Quando il nemico invisibile inizia a far trapelare informazioni top secret che potrebbero mettere a repentaglio la sicurezza nazionale, le due unità vengono ciascuna incaricata di indagare a vicenda sull’altra. La situazione però si fa sempre più tesa, perché Park Pyong-ho e Kim Jung-do sanno che, qualora non dovessero riuscire a scovare la talpa, saranno loro ad essere accusati come spie: e tutto si complica quando, durante le indagini, emerge un complotto per assassinare il presidente sudcoreano…
Lee Jung-jae, protagonista del fenomeno mondiale di Netflix Squid Game, che presto tornerà con una seconda stagione, esordisce alla regia con un thriller di spionaggio che, nella migliore tradizione sud-coreana, va ad inserirsi in quel lungo filone di film che commentano le tensioni tra Corea del Sud e Corea del Nord, da Joint Security Area di Park Chan-wook a Il prigioniero coreano di Kim Ki-duk passando per Burning di Lee Chang-dong, solo per citarne alcuni (lo stesso Parasite di Bong Joon-ho era, sotto sotto, una grande metafora sulle differenze delle due nazioni).
Sequenze d’azione molto fisiche, violenza spesso grafica da exploitation, ritmo vorticoso ed esasperato: un thriller spy-movie che ha la cadenza di un film di guerra, perché è di guerra che in fondo sembra voler parlare il regista, una guerra di visioni del mondo e filosofie di vita.
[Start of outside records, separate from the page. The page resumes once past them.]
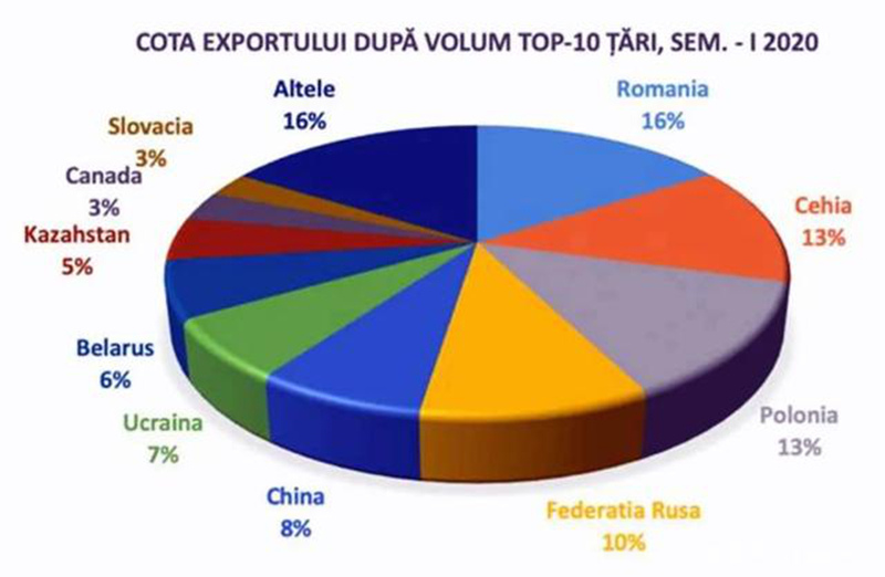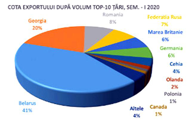 摩尔多瓦向56个国家和地区的出口总额为12.478亿列伊, 比2019年前6个月下降了5.7%(即减少了7470万列伊)。
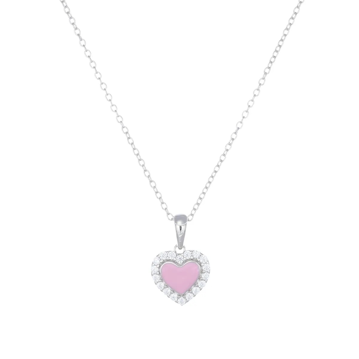 Collana a catena in Argento 925 rodiato. Cuore pendente smaltato rosa e bordo di zirconi bianchi.
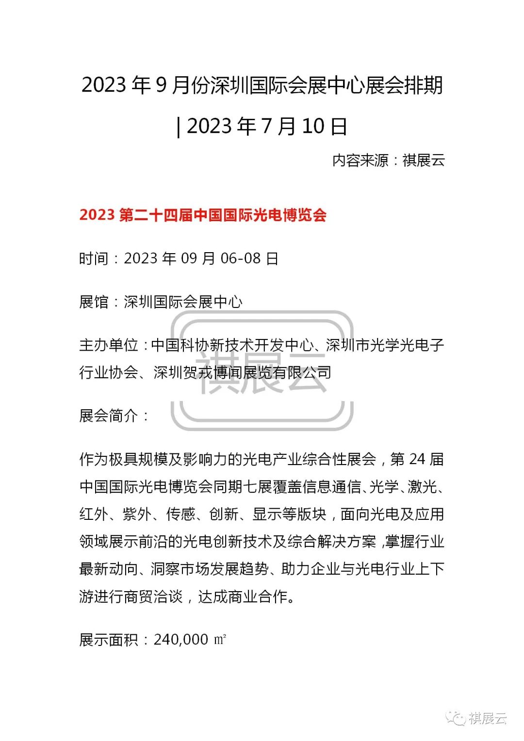 欢迎大家关注公众号“祺展云”,每日获取更多会展行业资讯。资料整理不易,如需转载,请联系工作人员转载注明出处。
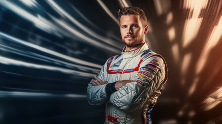 Confident racer in white suit with crossed hands standing against dynamic blurred background.
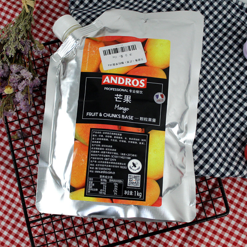 安德鲁草莓颗粒果酱 乐桃桃菠萝白桃茉莉青葡萄颗粒酱1kg西点奶茶
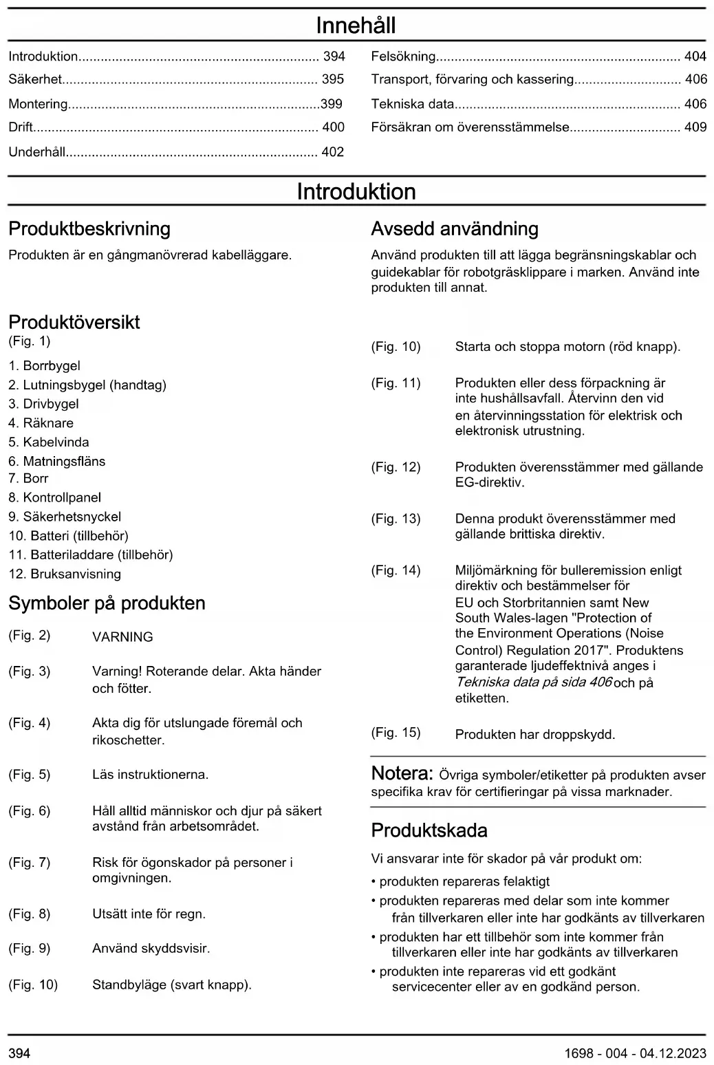 Symboler på produkten (Fig. 2) VARNING (Fig. 3) Varning! Roterande delar. Akta händer och fötter. (Fig. 4) Akta dig för utslungade föremål och rikoschetter. (Fig. 5) Läs instruktionerna. (Fig. 6) Håll alltid människor och djur på säkert avstånd från arbetsområdet. (Fig. 7) Risk för ögonskador på personer i omgivningen. (Fig. 8) Utsätt inte för regn. (Fig. 9) Använd skyddsvisir. (Fig. 10) Standbyläge (svart knapp). (Fig. 10) Starta och stoppa motorn (röd knapp). (Fig. 11) Produkten eller dess förpackning är inte hushållsavfall. Återvinn den vid en återvinningsstation för elektrisk och elektronisk utrustning. (Fig. 12) Produkten överensstämmer med gällande EG-direktiv. (Fig. 13) Denna produkt överensstämmer med gällande brittiska direktiv. (Fig. 14) Miljömärkning för bulleremission enligt direktiv och bestämmelser för EU och Storbritannien samt New South Wales-lagen "Protection of the Environment Operations (Noise Control) Regulation 2017". Produktens garanterade ljudeffektnivå anges i Tekniska data på sida 406 och på etiketten. (Fig. 15) Produkten har droppskydd. Notera: Övriga symboler/etiketter på produkten avser specifika krav för certifieringar på vissa marknader. Produktskada Vi ansvarar inte för skador på vår produkt om:

Speak no evil di Christian Tafdrup
Nella memoria recente pochi horror hanno saputo lavorare così bene sulla tensione delle piccole cose, sui timori che si annidano nella quotidianità e sulla cattiveria nascosta dietro le maschere indossate dagli altri come invece ha saputo Speak no evil, dramma danese co-scritto e diretto da Christian Tafdrup.
Nella storia di due famiglie padre-madre-figlio/figlia che si incontrano (non troppo) casualmente durante una vacanza estiva (nell’immediatamente riconoscibilissima Toscana, pensate un po’), il film trova una durezza di contrasti che lo rende subito e sempre disturbante, nel senso di prurigine epidermicamente fastidiosa ed irritante, e quindi psicologicamente aggressiva, per come, lavorando di trovate di sceneggiatura in trovate di sceneggiatura, il film è in grado di raccontare gli orrori più indicibili e raccontarsi sequenza dopo sequenza attraverso momenti e situazioni familiari per tutti: una chiacchierata in cucina durante i preparativi per il pasto, un ritorno a casa notturno con autista un po’ brillo dopo una serata di bagordi, perfino una pisciata notturna può diventare, all’interno del meccanismo di tensione allestito da Tafdrup, qualcosa di sbagliato, qualcosa di perverso, qualcosa di oscuro.
E fino all’esplosione di violenza assurda nel finale, per il quale non verranno offerte spiegazioni nella miglior tradizione del miglior horror possibile, quello che c’è e basta e che agisce perché si, Speak no evil è un costruire tensione dopo l’altra, scena dopo scena, a partire da ciò che più c’è di naturale nella quotidianità: il contatto con l’altro. Strascichi, forse, di tre anni di pandemia e restrizioni, che qui deflagrano lentamente lungo gli slow motion sui quali a volte cavalcano le scene.
Una discesa lenta nel buio, anticipata del resto dalla sequenza iniziale: una delle migliori corse verso l’ignoto viste di recente.